In any case, we don't pay our own pensions. But that of the generation above us. Not sure where my pension would come from given the projected population decline and that even now, so many young people don't work anyway.

whistleblower99 · 05/05/2024 10:25

It’s all irrelevant really. We can’t afford a state where the majority are net dependents. The rest of it is white noise. The IMF have raised serious concerns about it. The next government will have to address the issues that cause it. It’s that simple. To answer your op - yes by a long way.

TeenTraumaTrials · 05/05/2024 10:26

Noicant · 05/05/2024 09:42

I don’t see how UBI could work, 37.5 million working age population. How much would the level of UBI be? I assume UBI isn’t given to children. What about people who require additional funds such as PIP’s? Would you scrap all benefits entitlements other than UBI? Because if it’s UBI plus xy and z the system would just end up being more expensive.

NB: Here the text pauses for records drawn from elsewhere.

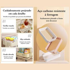 1 Unidade - Carrinho Organizador Multiuso com Prateleiras para Casa e Cozinha
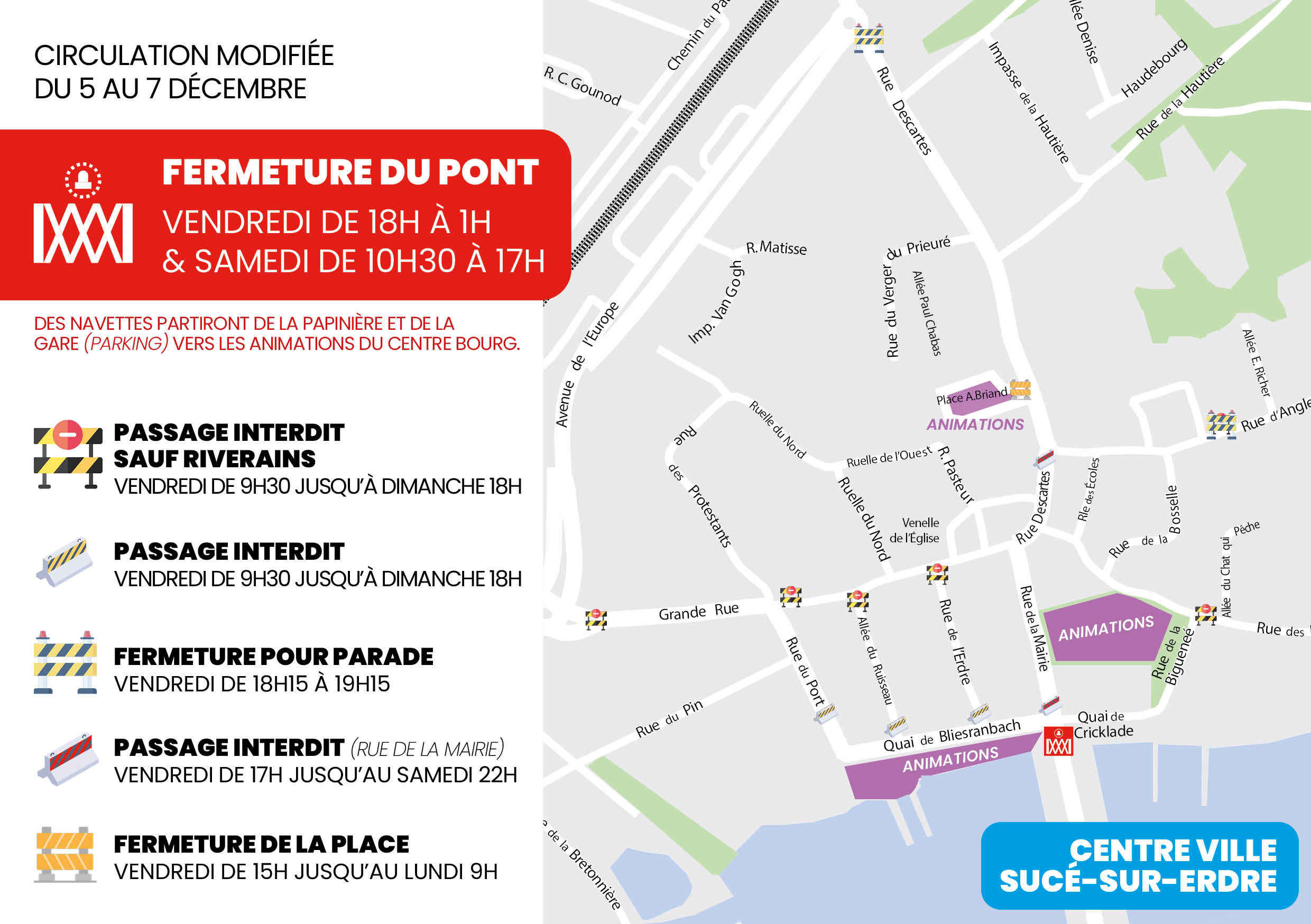 Au cœur du port de Sucé-sur-Erdre, site emblématique de la commune, les festivités s’annoncent spectaculaires les 5 et 6 décembre prochains, découvrez un échantillon de la programmation :
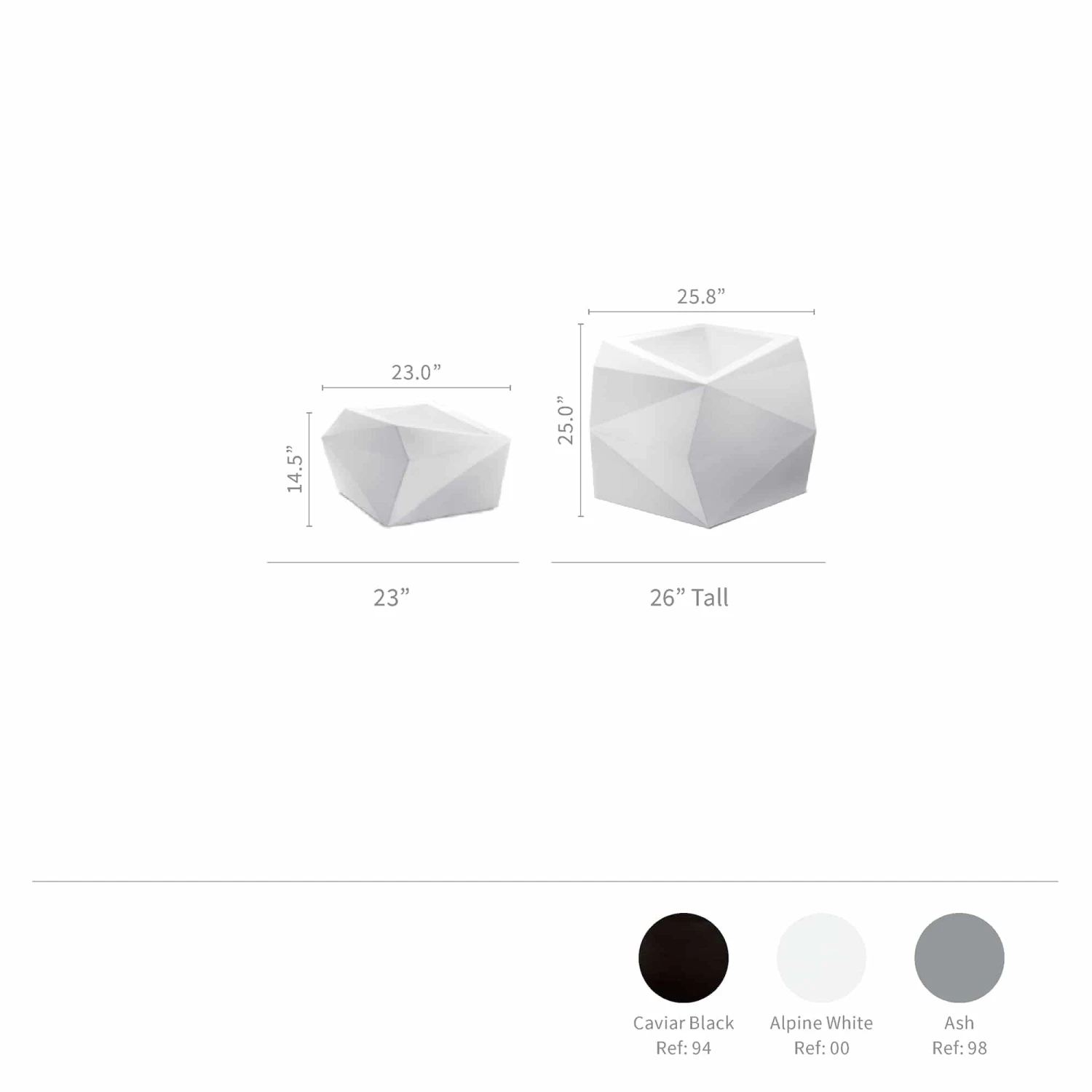 The Origami planters from Crescent are truly unique and quite contemporary. Offered in 23″ and 26″ sizes with a variety of color choices.
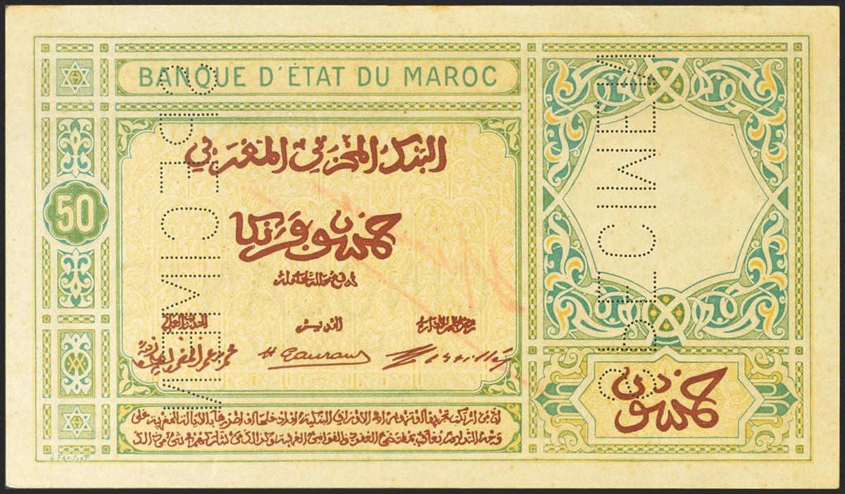 MOROCCO. 50 Francs. (1920ca). SPECIMEN, numbering 000000 and "Specimen", manuscript in red. (Pick: 13s). Spots rust. More than extremely fine.
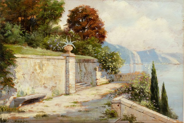 UMBERTO COROMALDI (Roma, 1870 - 1948): Vista del lago di Como, 1935

The way UBI systems work though is that those earning pay more tax so effectively it cancels out the value of the UBi. But that is hellishly complicated to administer particularly for those with fluctuating income.

LiquoriceAllsort2 · 05/05/2024 10:33

TeenTraumaTrials · 05/05/2024 10:26

The way UBI systems work though is that those earning pay more tax so effectively it cancels out the value of the UBi. But that is hellishly complicated to administer particularly for those with fluctuating income.

If you set UBI at a decent amount so people aren't poor ( which I assume is the point ). How long before many people don't bother working?

Some will work of course as they are the ones working now to better themselves but once a few people in the street stop working it them becomes catching as evident by workless households and areas.

Pingufireengine · 05/05/2024 10:34

Neveralonewithaclone · 05/05/2024 09:10

Not vilifying parents. Vilifying people who look down on and other the less haves and reminding them that they also are likely to be a cost to the state.

Thank you!

OP posts:
StormingNorman · 05/05/2024 10:38

Neveralonewithaclone · 05/05/2024 07:22

I wouldn't mind as much if they didn't beat their own drum and pretend that it's not them who are the greedy spongers.

From the Institute of Fiscal Studies:

The top 10% of taxpayers paid 60% of all income tax in 2023–24, up from 35% in 1978–79. The share of income tax revenue contributed by the top 1% of taxpayers rose from 11% in 1978–79 to 29% in 2023–24.